Iran National Heritage List
- Official name: Faculty of Literature and Humanities (Triangle Building)
- Designated: 17 November 1999
- Reference no.: 2497

= Faculty of Literature and Humanities (Shahid Chamran University) =

The Faculty of Literature and Humanities (Shahid Chamran University) was established in 1971 under the name Faculty of Literature and Foreign Languages in a building known as the Triangle Building (دانشگاه سه‌گوش). (Note: Also romanized as dāneshgāh-e seh-guš) In the 1972–1973 academic year, the faculty began its activities with two bachelor's degree programs: Persian Language and Literature and English Language and Literature, each offered in two tracks (teaching and pure studies).

In February 2011, the faculty was relocated to a newly constructed building in the university campus of Shahid Chamran University of Ahvaz.

The Triangle Building dates back to the Pahlavi I period, the same era in which the Pol Sefid Bridge, the first modern bridge over the Karun River was constructed. Located in Molavi Square in Ahvaz, the building was registered as one of the national heritage sites of Iran on 17 November 1999, with registration number 2497.

== History ==
The triangular building was constructed in 1929 and has served various functions throughout its history. Initially, it was the central building of Bank Melli Iran in Ahvaz. Three years later, it was repurposed as the governorate building. In 1942, during World War II, when Ahvaz was occupied, it became the headquarters of the Allied forces.

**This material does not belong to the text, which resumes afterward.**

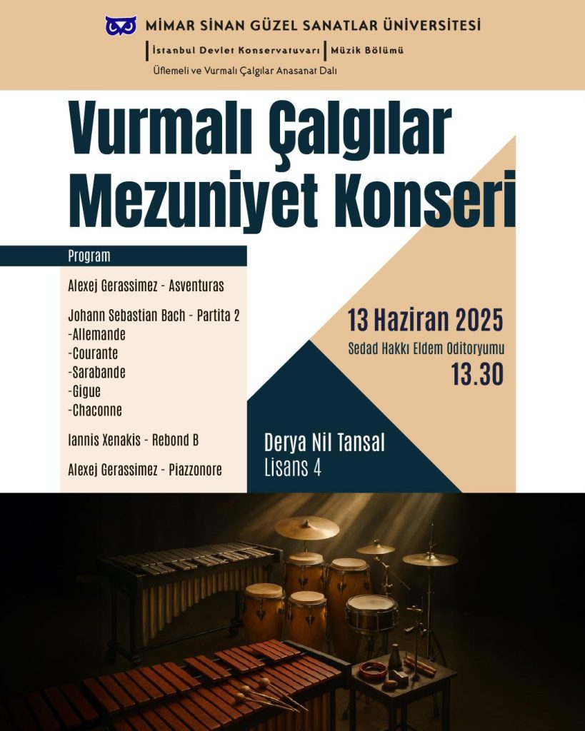 Üflemeli ve Vurmalı Çalgılar Anasanat Dalı tarafından düzenlenen “Vurmalı Çalgılar Mezuniyet Konseri” 13 Haziran 2025 tarihinde Sedad Hakkı Eldem Oditoryumu’nda verilecektir.
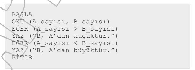 #7. BAŞLA OKU (A_sayısı B_sayısı) EĞER (A_sayısı büyüktür B_sayısı) YAZ (“B A’dan küçüktür.”) EĞER (A_sayısı küçüktür B_sayısı) YAZ (“B A’dan büyüktür.”) BİTİR Yukarıdaki kaba koda göre A_sayısı=10 B_sayısı=50 olduğu durumda aşağıdaki çıktılardan hangisi elde edilir?

In subsequent years, the building was used as the headquarters of the American Point Four Program, then as the Ahvaz Governorate Office, followed by the Khuzestan Department of Finance, and later the provincial governor's office. In 1957, the building was purchased from Bank Melli for 2.6 million tomans.

Afterward, it became associated with Jundishapur University, and in 1971 it was assigned to the Faculty of Literature and Foreign Languages. The building was designed by the French architect André Godard, who is also known for designing the Tomb of Hafez and the National Library of Iran.

Due to its triangular design, the building became popularly known as the Triangle University. It was registered as a national heritage site of Iran in 1999.

The initial academic programs included Persian Language and Literature and English Language and Literature, both offered in teaching and pure tracks. In later years, programs in French Language and Literature, Economics, Accounting, Educational Sciences, and History were added, and the faculty was renamed the Faculty of Literature and Humanities.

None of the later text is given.